While in Slovakia, Sandra and I visited my grandma Pavka. Pavka is my “city” grandma. My other grandma, Terka, has been living in a village all her life, raising animals, and cooking dishes the old traditional way. Pavka on the other hand has lived most of her life (the part I remember) in an apartment highrise. Their cooking styles are very different. But they share one thing in common: they are both great cooks.
When we stopped for the visit, Pavka treated us with little cheese bread sticks (tyčinky). I wrote down her recipe, carried it along all the way through Prague, Wiesbaden, Amsterdam, and London back to Virginia. I took it out to start cooking, realized I was missing cream cheese, ran to the store, came back – and could not find the darn recipe anywhere! So I finished making the snacks from what I remembered from the quick glance in the morning. How they say in Slovakia, od oka (by eye). I eventually did find the recipe, so the ingredients below are as given by grandma.
Ingredients: 1.5 cups flour, 3 tablespoons of cream cheese, 1 yolk, 3 tablespoons of margarine, salt, grated cheese
Prep Time: 40 minutes
Combine all ingredients except for the grated cheese to form a fairly stiff dough. I used milk instead of margarine.
Using a rolling pin, roll the dough out on a board dusted with flour to thickness of about 5 mm. Next, using a dough cutting tool (or a knife), cut the dough into rectangles. You can put the cheese on now, but it’s better to do it after you arrange the slices on a baking sheet.
If you have a large baking pan or wax paper handy, just transfer the whole sliced dough as a single piece. I instead arranged the pieces one by one in my baking pan. Grease the pan with oil first. Sprinkle grated cheese over the dough. I used a block of Jack and a hand grater. Sprinkle bit more oil on top. Bake in an oven preheated to 400F for about 20 minutes, or until the cheese starts turning brown. That’s it.
I actually did bit of Googling post baking and found a similar recipe on varecha.sk. Their version calls for sour cream and a bit of yeast.

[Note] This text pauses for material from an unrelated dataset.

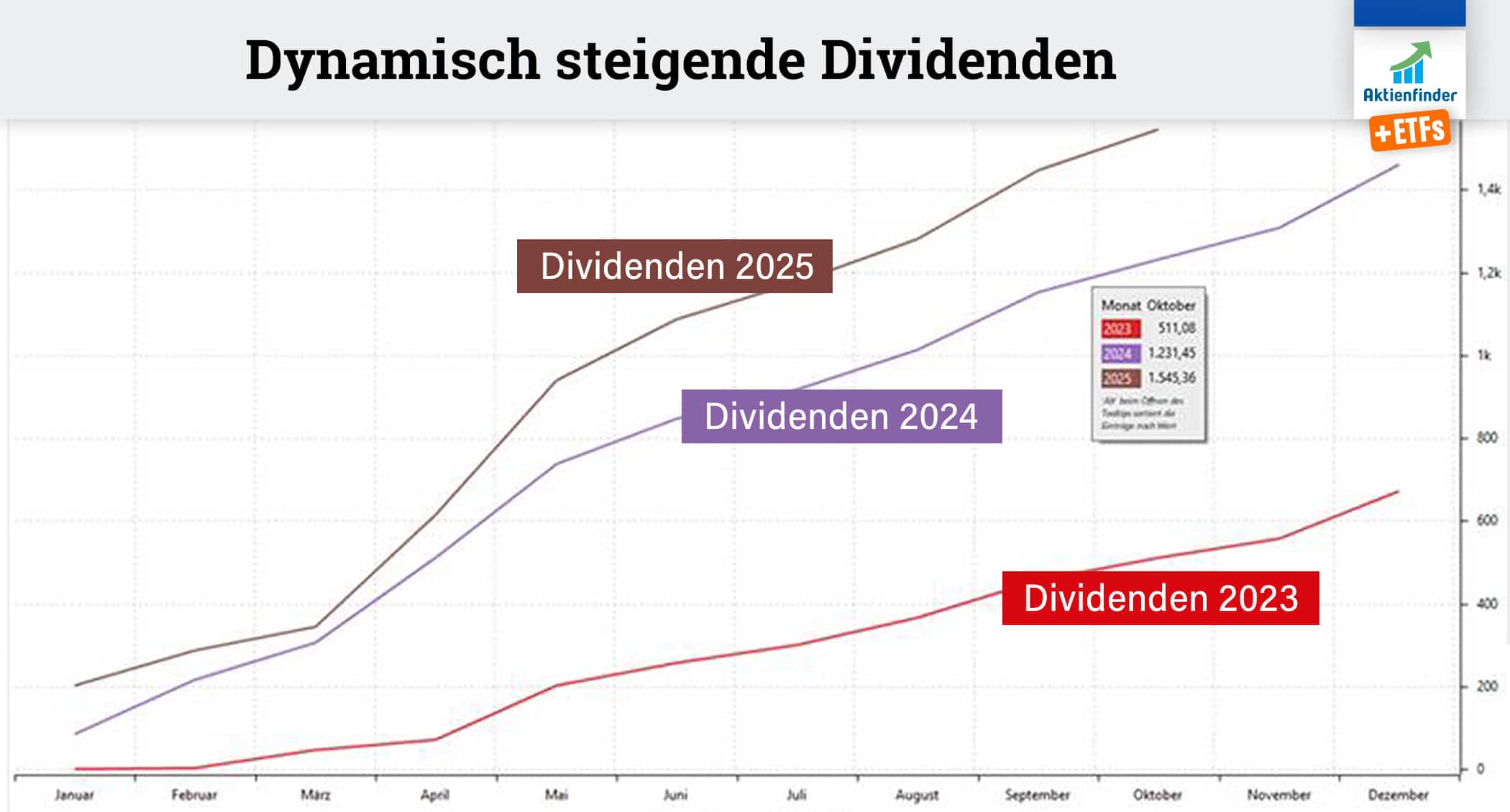 Der untere Chart zeigt, wie stark die Einnahmen durch Dividenden nach nicht einmal drei Jahren gestiegen sind. Bereits im laufenden Jahr haben die Dividenden-Aktien mit 1.500 € Dividende 300 € mehr als noch im Vorjahr ausgeschüttet.

I am Polish and I am so happy to receive all of your delicious recipes and will pass them on to all of my relatives and friends. Thank you so much for sharing them and I was so impressed with the respect and appreciation you have for your Slovak heritage. It was a pleasure meeting you and as a grandmother, I do feel it is so important to share and be proud of your culture. Thank you so much and your family can be so proud of you!!! Keep up the good work you do and you make us all happy. Now I will spend my evening enjoying reading all you sent me!!! I will try to get together my family recipes and if you like them, I would be happy to forward to you also. It is so nice to bring family and friends together with a wonderful meal that has been passed down for generations.
yummi..very nice
First of all, THANK YOU for all of the wonderful recipes, many of which I have tried. I found this one particularly interesting. My Baba always made something called “Adzimka.” She was from Stebnik in Eastern Slovakia. It is basically a flat bread with colby cheese sprinkled liberally on it and then baked in the oven. Once cooled it is cut apart into squares and eaten. It is a favorite of my family. Many of the villagers in my grandparents’ area, and their descendents, make this however I have never seen it anywhere else in Slovakia. Perhaps it is a derivation of this?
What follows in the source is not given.